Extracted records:
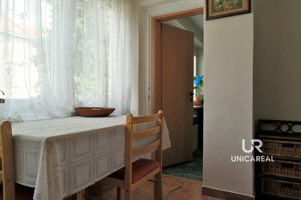 V domě jsou pouze 4 byty a každý z vlastníků má spoluvlastnický podíl na společných částech domu i na pozemku. V koupelně i na WC je okno. K bytu náleží prostorný sklep 18,5 m2.
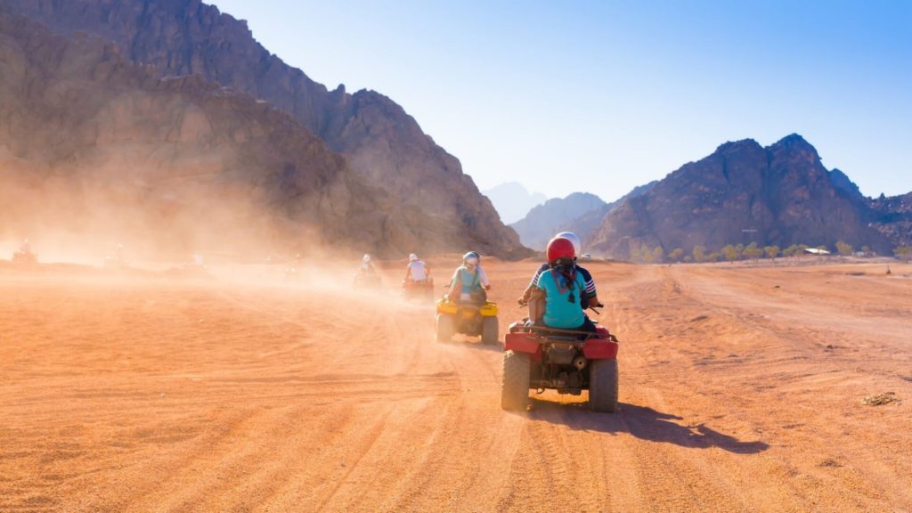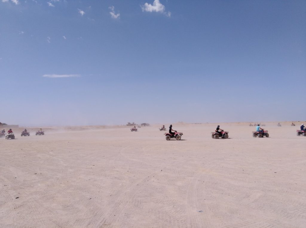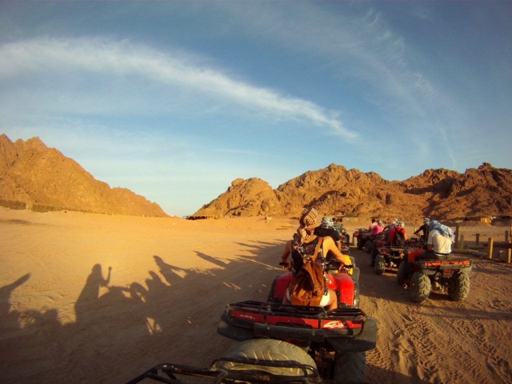 Це захоплююча пригода почнеться з поїздки на джипі в пустелю. Далі подорож триватиме на квадроциклах, під час якого ви побачите справжній міраж і зможете покататися з піщаних дюн. Попереду — запам’ятовує зустріч з бедуїнами, які запропонують мандрівникам відпочити і покуштувати ароматного чаю, катання на квадроциклах, баггі (спортивному автомобілі) і верблюдах. У насичену програму також включено відвідування міні-зоопарку, тераріуму.
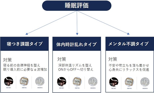 良質な睡眠を得るための、MUSIC(聴覚)/DRINK(味覚)/AROMA(嗅覚)の睡眠三感を提供するサービス。 SleepLIVE(株)開発の睡眠評価法を用いて、睡眠課題を3つに分類。それぞれの方へ適切な寝る前の過ごし方をご提案します。
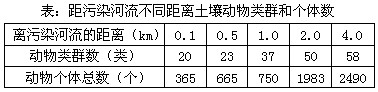1、填空题 某地曾是著名的鱼米之乡,植物生长茂盛,土壤动物种类繁多。后来,由于上游地区一农药厂的污染废水排入河流,造成该地农田土壤环境持续恶化,原本常见的泥鳅、田螺等几近销声匿迹。为了调查污染废水对农田土壤动物类群的影响,在受污染河流一侧不同距离进行调查,调查结果见表:
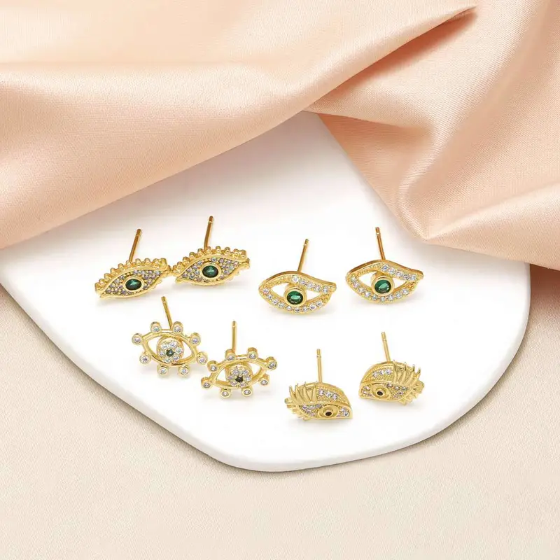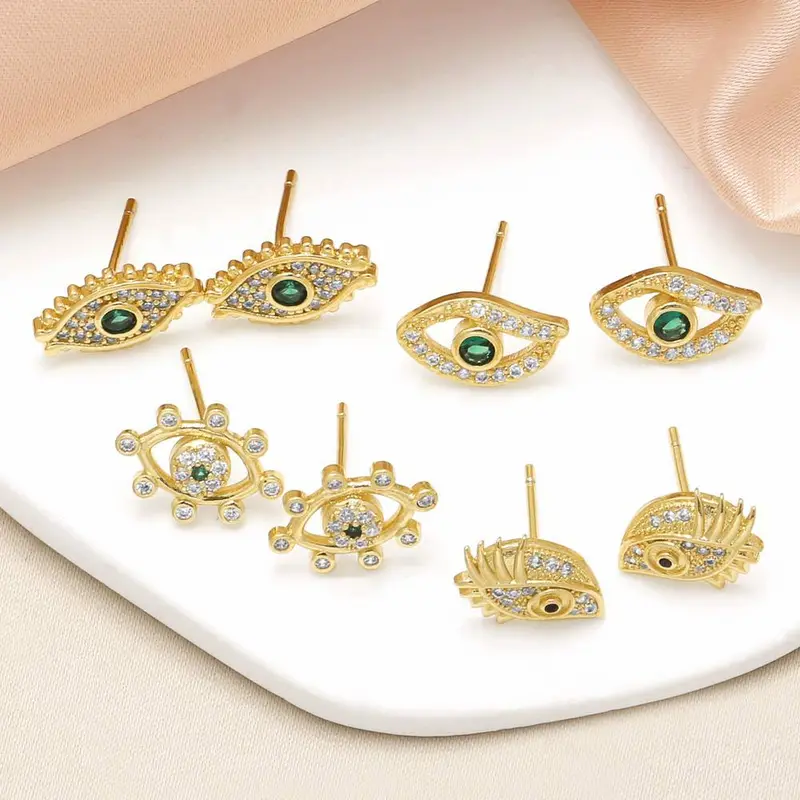 Brincos de olho de diabo mais vendidos para mulheres, brincos de cobre banhados a ouro 18k com zircônia incrustada, era359
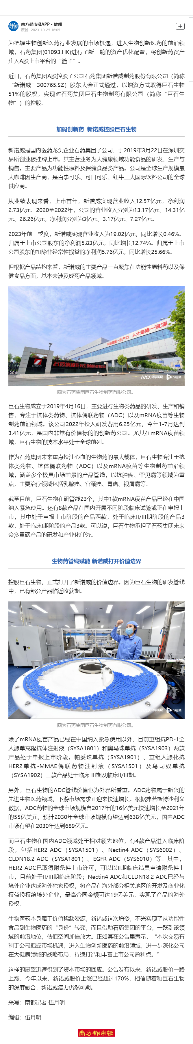 近日,石藥集團(tuán)A股控股子公司石藥集團(tuán)新諾威制藥股份有限公司(簡稱“新諾威”300765.SZ)股東大會正式通過,以增資方式取得巨石生物51%的股權(quán),實(shí)現(xiàn)對石藥集團(tuán)巨石生物制藥有限公司(簡稱“巨石生物”)的控股。
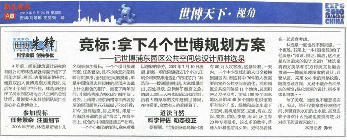 4年前,浦東建筑設(shè)計研究院有限公司的林選泉就與妻子結(jié)下了百年之好,然而,夫妻倆新婚燕爾,便雙雙投入世博規(guī)劃方案競標(biāo),先后在4個項目中折桂,林選泉還擔(dān)任了浦東園區(qū)場地公共空間的總設(shè)計師,帶領(lǐng)妻子和其他團(tuán)隊同仁全身心撲在世博會上。
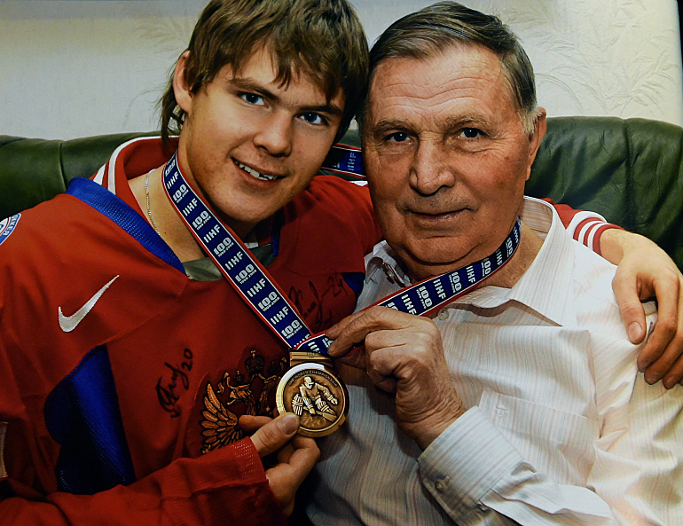 Виктор Васильевич с внуком Виктором, лучшим нападающим МЧМ-2008. Фото photo.khl.ru
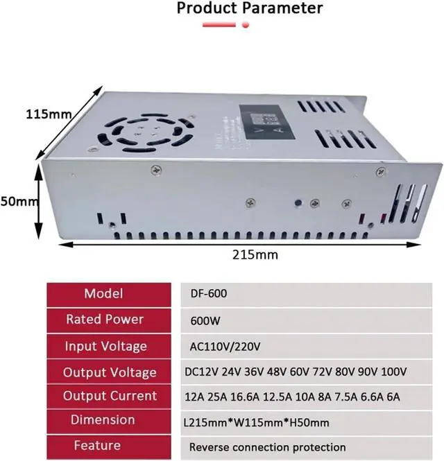 Adjustable DC Power Supply AC110/220V to DC 12/24/36/48/60/72/80/90/100V 600W Industrial Switching Power Supply(12V)
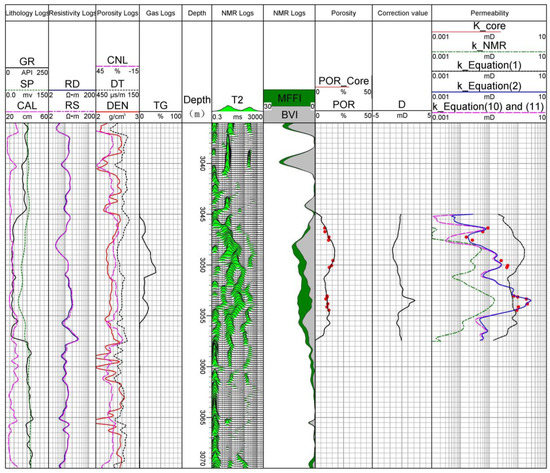 In the upper part of the reservoir at 3045–3051 m, the permeability value obtained from Equation (1) is larger than the lower part of the reservoir in Track 10, because the permeability calculated by Equation (1) varies with porosity, as it monotonically increases or decreases. The permeability values calculated by the NMR logs are lower than these core samples. There are two main factors; the first is that NMR logs can effectively identify pore structure. In Track 7, the upper part of the reservoir is high in total porosity but mainly due to the larger bulk volume irreducible, which affects the permeability of the reservoir [32,33,34,35]. The second is that the permeability obtained by NMR logs is affected by reservoir gas content [36,37,38], and the calculated permeability decreases with the increase of the gas content in the reservoir. The total hydrocarbon curve of gas logs is shown in Track 4. It is derived from mud logging data and represents the true gas content in the reservoir. The total hydrocarbon curve indicates that the gas content in the upper part of the reservoir is larger than that the lower part, and the maximum gas content is 38.5%. Therefore, the permeability value calculated by NMR logs in the upper part of the reservoir is more affected by the gas content than the lower part. The permeability calculated by Equation (2) is closer to the core sample, but it is reduced by the influence of reservoir gas bearing property.

• **TO DO**
Copy every line of the records exactly as it is written, but not the pictures.

• **ANSWER SPACE**
 V domě jsou pouze 4 byty a každý z vlastníků má spoluvlastnický podíl na společných částech domu i na pozemku. V koupelně i na WC je okno. K bytu náleží prostorný sklep 18,5 m2.
 Це захоплююча пригода почнеться з поїздки на джипі в пустелю. Далі подорож триватиме на квадроциклах, під час якого ви побачите справжній міраж і зможете покататися з піщаних дюн. Попереду — запам’ятовує зустріч з бедуїнами, які запропонують мандрівникам відпочити і покуштувати ароматного чаю, катання на квадроциклах, баггі (спортивному автомобілі) і верблюдах. У насичену програму також включено відвідування міні-зоопарку, тераріуму.
 良質な睡眠を得るための、MUSIC(聴覚)/DRINK(味覚)/AROMA(嗅覚)の睡眠三感を提供するサービス。 SleepLIVE(株)開発の睡眠評価法を用いて、睡眠課題を3つに分類。それぞれの方へ適切な寝る前の過ごし方をご提案します。
1、填空题 某地曾是著名的鱼米之乡,植物生长茂盛,土壤动物种类繁多。后来,由于上游地区一农药厂的污染废水排入河流,造成该地农田土壤环境持续恶化,原本常见的泥鳅、田螺等几近销声匿迹。为了调查污染废水对农田土壤动物类群的影响,在受污染河流一侧不同距离进行调查,调查结果见表:
 Brincos de olho de diabo mais vendidos para mulheres, brincos de cobre banhados a ouro 18k com zircônia incrustada, era359
 近日,石藥集團(tuán)A股控股子公司石藥集團(tuán)新諾威制藥股份有限公司(簡稱“新諾威”300765.SZ)股東大會正式通過,以增資方式取得巨石生物51%的股權(quán),實(shí)現(xiàn)對石藥集團(tuán)巨石生物制藥有限公司(簡稱“巨石生物”)的控股。
 4年前,浦東建筑設(shè)計研究院有限公司的林選泉就與妻子結(jié)下了百年之好,然而,夫妻倆新婚燕爾,便雙雙投入世博規(guī)劃方案競標(biāo),先后在4個項目中折桂,林選泉還擔(dān)任了浦東園區(qū)場地公共空間的總設(shè)計師,帶領(lǐng)妻子和其他團(tuán)隊同仁全身心撲在世博會上。
 Виктор Васильевич с внуком Виктором, лучшим нападающим МЧМ-2008. Фото photo.khl.ru
 Adjustable DC Power Supply AC110/220V to DC 12/24/36/48/60/72/80/90/100V 600W Industrial Switching Power Supply(12V)
 In the upper part of the reservoir at 3045–3051 m, the permeability value obtained from Equation (1) is larger than the lower part of the reservoir in Track 10, because the permeability calculated by Equation (1) varies with porosity, as it monotonically increases or decreases. The permeability values calculated by the NMR logs are lower than these core samples. There are two main factors; the first is that NMR logs can effectively identify pore structure. In Track 7, the upper part of the reservoir is high in total porosity but mainly due to the larger bulk volume irreducible, which affects the permeability of the reservoir [32,33,34,35]. The second is that the permeability obtained by NMR logs is affected by reservoir gas content [36,37,38], and the calculated permeability decreases with the increase of the gas content in the reservoir. The total hydrocarbon curve of gas logs is shown in Track 4. It is derived from mud logging data and represents the true gas content in the reservoir. The total hydrocarbon curve indicates that the gas content in the upper part of the reservoir is larger than that the lower part, and the maximum gas content is 38.5%. Therefore, the permeability value calculated by NMR logs in the upper part of the reservoir is more affected by the gas content than the lower part. The permeability calculated by Equation (2) is closer to the core sample, but it is reduced by the influence of reservoir gas bearing property.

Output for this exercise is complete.